Reproduce the listing in its entirety. Do not reproduce the pictures.

Start of Supplied information

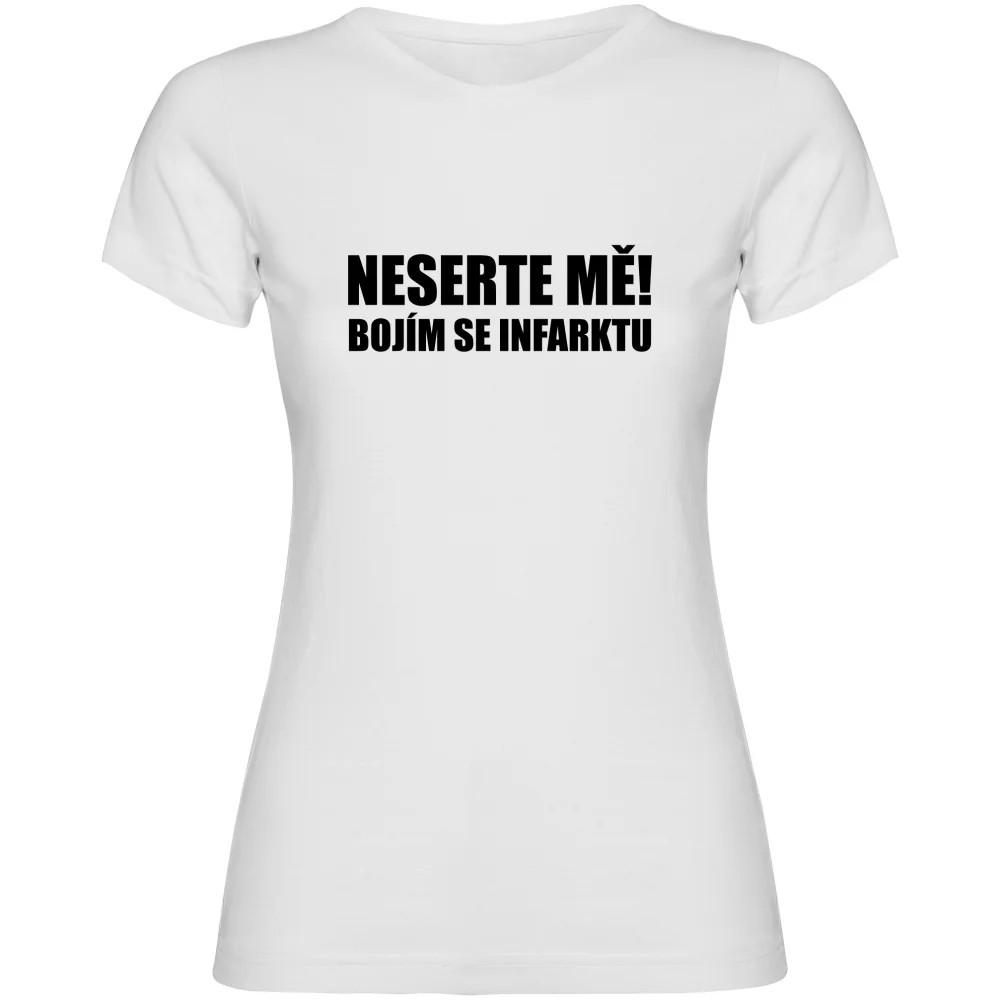 Dámské tričko s potiskem „Neserte mě, bojím se infarktu“ je ideální volbou pro ženy, které se nebojí říct, co si myslí. Výstižný nápis, který rozesměje každého – a zároveň dává jasné varování!
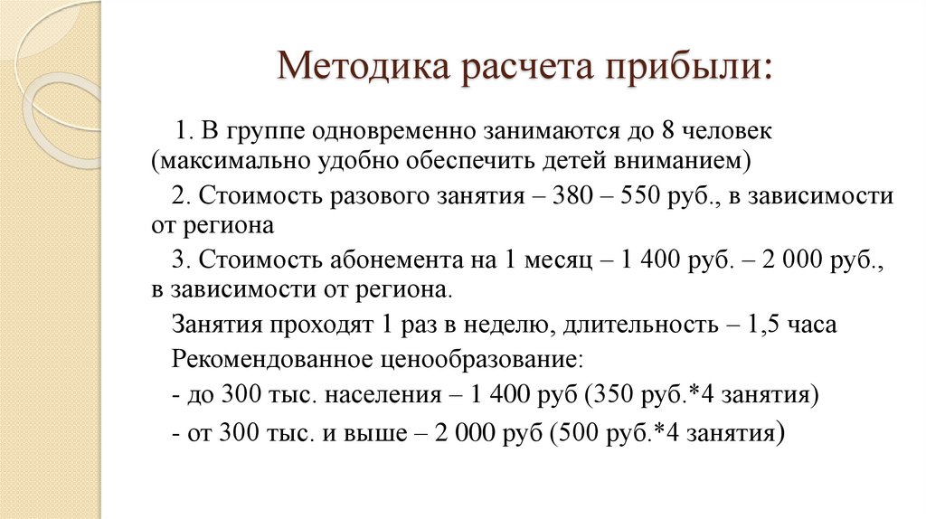 Методика расчета прибыли:1. В группе одновременно занимаются до 8 человек
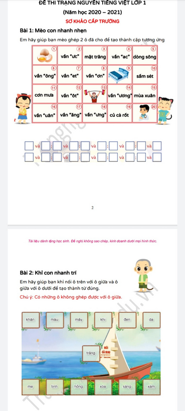 MỘT SỐ ĐỀ THI TRẠNG NGUYÊN TIẾNG VIỆT GỢI Ý CHO HỌC SINH LỚP 1
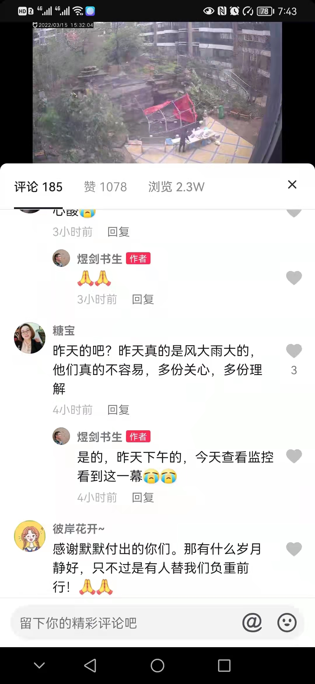 朱先生说,自己截取了这一段发在短视频平台上,以前没怎么点击量,但是这个播放量突然一下子上了几万,点赞都是好几千,下面的评论也是挺多的,都是这个为这些疫情防控人员相关的这些人员叫好的,就感觉他们太不容易了。

End of Supplied information

Answer box:
 Dámské tričko s potiskem „Neserte mě, bojím se infarktu“ je ideální volbou pro ženy, které se nebojí říct, co si myslí. Výstižný nápis, který rozesměje každého – a zároveň dává jasné varování!
 Методика расчета прибыли:1. В группе одновременно занимаются до 8 человек
 MỘT SỐ ĐỀ THI TRẠNG NGUYÊN TIẾNG VIỆT GỢI Ý CHO HỌC SINH LỚP 1
 朱先生说,自己截取了这一段发在短视频平台上,以前没怎么点击量,但是这个播放量突然一下子上了几万,点赞都是好几千,下面的评论也是挺多的,都是这个为这些疫情防控人员相关的这些人员叫好的,就感觉他们太不容易了。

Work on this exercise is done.